Q & A explainer: Why Trump is likely to disappoint the Israelis by not moving the US embassy to Jerusalem

US President Donald Trump and Israeli Prime Minister Benjamin Netanyahu shake hands after Trump's address at the Israel Museum in Jerusalem May 23, 2017.Reuters

Why is the question of the US moving its embassy to Jerusalem on the agenda again today?

The reason today is significant goes back to 1995, when the US Congress approved the Jerusalem Embassy Act, which requires that the American embassy be moved from Tel Aviv to Jerusalem.

Since then, successive US presidents – both Democratic and Republican – have exercised a waiver delaying its implementation every six months since on national security grounds, and official US policy does not recognise Jerusalem as Israel's capital.

Trump would have the power to enact the embassy law simply by failing to exercise the waiver, enabling the embassy move which he promised repeatedly during the presidential race.

Today, June 1, marks one of the six-month intervals in which the waiver has come up for being signed.

Why is moving the embassy so controversial?

While Israel considers Jerusalem its 'eternal, undivided capital', the Palestinians regard the east of the city – occupied by Israel in the 1967 Six Day War – to be the capital of any future Palestinian state.
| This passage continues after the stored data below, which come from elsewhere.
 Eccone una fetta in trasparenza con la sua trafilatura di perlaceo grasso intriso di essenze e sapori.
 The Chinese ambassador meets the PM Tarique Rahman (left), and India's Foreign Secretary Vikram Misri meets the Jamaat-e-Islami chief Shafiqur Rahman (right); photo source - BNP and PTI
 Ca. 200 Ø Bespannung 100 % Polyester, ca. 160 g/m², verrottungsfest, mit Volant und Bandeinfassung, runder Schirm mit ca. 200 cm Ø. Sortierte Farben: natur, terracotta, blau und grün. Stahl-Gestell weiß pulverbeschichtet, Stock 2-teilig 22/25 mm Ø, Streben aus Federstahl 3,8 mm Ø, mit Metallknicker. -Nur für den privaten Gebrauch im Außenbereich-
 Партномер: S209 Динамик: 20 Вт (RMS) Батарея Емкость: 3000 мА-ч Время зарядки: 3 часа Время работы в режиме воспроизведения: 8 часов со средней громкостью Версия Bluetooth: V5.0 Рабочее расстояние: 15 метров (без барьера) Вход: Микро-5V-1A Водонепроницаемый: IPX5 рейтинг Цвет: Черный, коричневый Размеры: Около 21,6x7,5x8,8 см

Moving the embassy would arguably threaten a two-state solution in which the agreed division of Jerusalem would be key.

The US, the UN and almost every country in the world currently refuse to accept that Jerusalem is Israel's capital, with most major embassies functioning in the sea-side business capital, Tel Aviv. International consensus is that East Jerusalem is occupied territory, just like the West Bank.

What is the background to speculation that Trump may make the controversial move?
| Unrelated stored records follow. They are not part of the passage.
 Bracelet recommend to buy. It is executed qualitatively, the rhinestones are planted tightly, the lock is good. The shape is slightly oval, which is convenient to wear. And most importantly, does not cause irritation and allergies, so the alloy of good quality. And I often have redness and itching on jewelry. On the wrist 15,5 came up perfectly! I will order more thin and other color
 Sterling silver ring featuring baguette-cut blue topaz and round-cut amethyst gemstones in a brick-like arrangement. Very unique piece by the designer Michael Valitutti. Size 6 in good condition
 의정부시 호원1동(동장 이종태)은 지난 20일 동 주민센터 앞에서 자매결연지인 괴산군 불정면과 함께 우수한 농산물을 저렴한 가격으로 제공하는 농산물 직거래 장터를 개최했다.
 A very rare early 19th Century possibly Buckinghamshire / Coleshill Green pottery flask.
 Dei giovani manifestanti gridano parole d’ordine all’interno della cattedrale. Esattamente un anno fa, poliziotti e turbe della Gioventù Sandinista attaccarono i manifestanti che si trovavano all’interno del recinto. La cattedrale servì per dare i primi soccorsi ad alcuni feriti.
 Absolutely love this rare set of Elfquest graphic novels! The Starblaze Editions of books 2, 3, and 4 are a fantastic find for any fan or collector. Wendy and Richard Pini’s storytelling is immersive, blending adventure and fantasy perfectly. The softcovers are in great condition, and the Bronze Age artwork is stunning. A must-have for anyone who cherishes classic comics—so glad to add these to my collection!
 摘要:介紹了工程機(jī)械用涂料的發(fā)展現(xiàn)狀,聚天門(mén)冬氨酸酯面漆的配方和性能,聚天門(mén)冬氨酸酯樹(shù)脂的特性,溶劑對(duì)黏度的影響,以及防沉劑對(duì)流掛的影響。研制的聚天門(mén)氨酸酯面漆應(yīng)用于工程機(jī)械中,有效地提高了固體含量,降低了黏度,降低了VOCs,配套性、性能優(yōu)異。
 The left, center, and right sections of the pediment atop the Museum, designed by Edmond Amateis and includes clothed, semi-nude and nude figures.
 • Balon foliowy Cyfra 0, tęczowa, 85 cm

In September last year, Trump delighted Israel's Prime Minister Benjamin Netanyahu by telling him during a lengthy meeting in New York that if he won the presidential election, the US would 'recognise Jerusalem as the undivided capital of the State of Israel'.
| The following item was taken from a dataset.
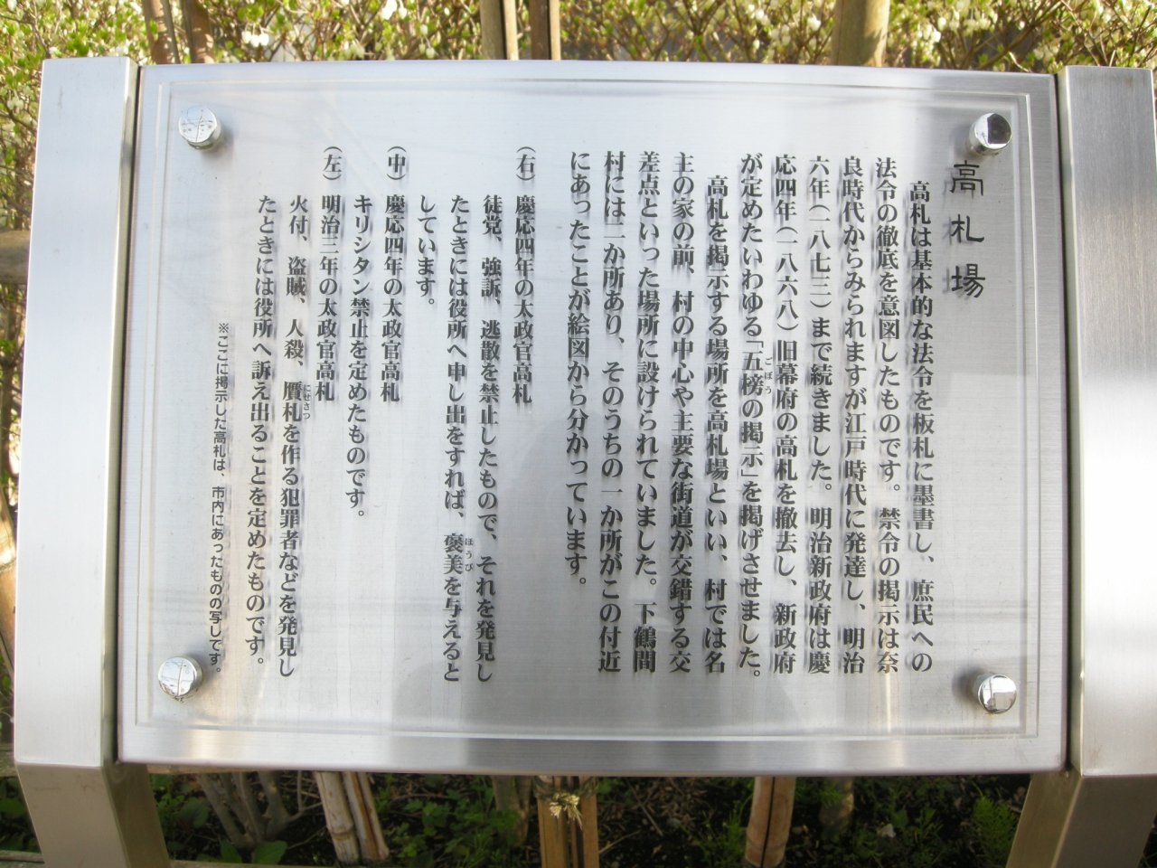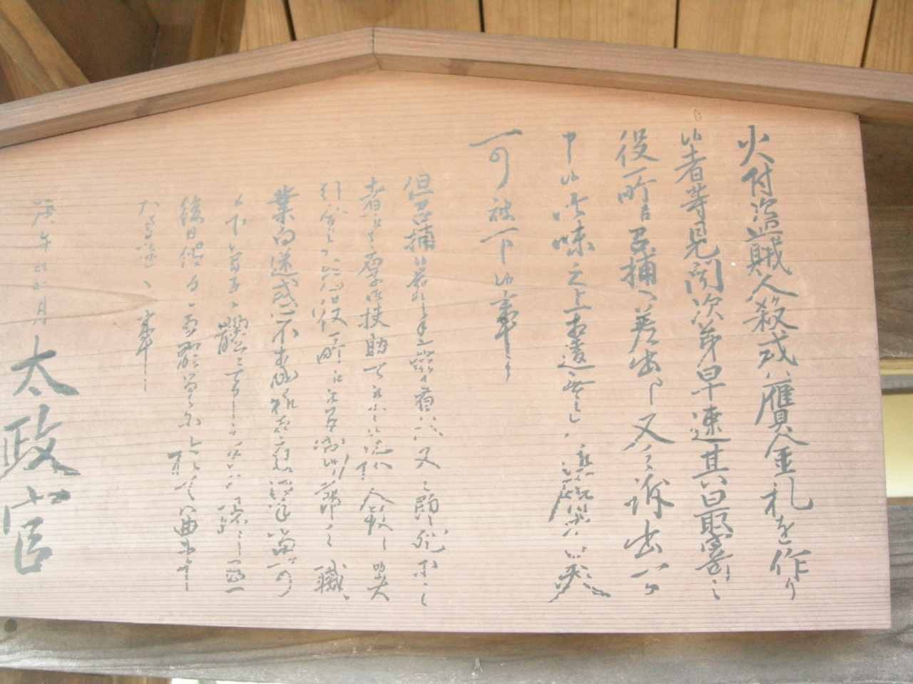 建物脇には高札場が再現されていて達筆な文字で火付盗賊改めや切支丹などの高札がかかっています。

Linked to this, Trump promised to move the US embassy in Israel from Tel Aviv to Jerusalem.

The divided city of Jerusalem, central to any solution between Israel and the Palestinians and where there has been speculation that the US embassy to Israel could be moved.Reuters

In December, Kellyanne Conway, a spokeswoman for Trump, reiterated in a radio interview that Trump 'made it very clear during the campaign' that he wanted to make the move, and that she had 'heard him repeat it several times privately, if not publicly'.

Later, Netanyahu said that such a move would be 'great'. He said: 'Regarding the idea of opening the US Embassy to Jerusalem, I will respond to this in one word: Great.'

How have the Palestinians reacted to the proposal?

In January, the Palestinian President Mahmoud Abbas said the move could threaten peace in the region.

In December, Mustafa Barghouti, a Palestinian politician, said he was 'shocked' after Conway's comments. He added: 'If the US takes such a decision, it will not only be violating international law, but violating a unanimously respected international principle that no country can annex another's territory by force'.

Since then, speculation has significantly dampened on the issue, with most inside Israel and the US believing it isn't going to happen. This week, in the run up to the decision day today, publicly at least there was silence from Jerusalem and Netanyahu, though the PM has made it clear that he has urged Trump to move the embassy.

What is the wider context?

The context is that there is under Trump a fresh drive for peace talks between Netanyahu and the Palestinians, led by President Abbas, potentially reviving the dormant, so-called Middle East peace process.

It could well be that Trump's desire to keep Abbas and the Palestinians in the game has driven his wavering over moving the embassy.

Meanwhile, although many cynical observers argue that Netanyahu does not want peace, and instead merely prefers the status quo which includes the expansion of settlements that are deemed illegal under international law and which make a solution increasingly difficult, some are more hopeful. One diplomatic source in the region told Christian Today during the Archbishop of Canterbury Justin Welby's visit last month that Trump had brought Netanyahu, however reluctantly, 'out to play' – which meant the conservative PM would have to engage in a new round of talks whether he wanted to or not.

This has led some on Israel's right to allege that there has already been a 'done deal' between Trump and Netanyahu, with the latter being pulled to the 'left' by the new engagement.

In the end, this may be too good to be true. Funnily enough and perhaps by chance, when Trump visited the region last week, he echoed Welby's formula on his own visit earlier last month, that there is a rare 'moment of opportunity' for peace.

Whether or not that opportunity is seized remains to be seen.

But what is not in doubt is that Trump has – by force of the reality of office and what Harold Macmillan called 'events' – matured, at least on the question of moving the embassy to Jerusalem, and that by not doing so he keeps an elusive deal alive as a possibility, if not a likelihood.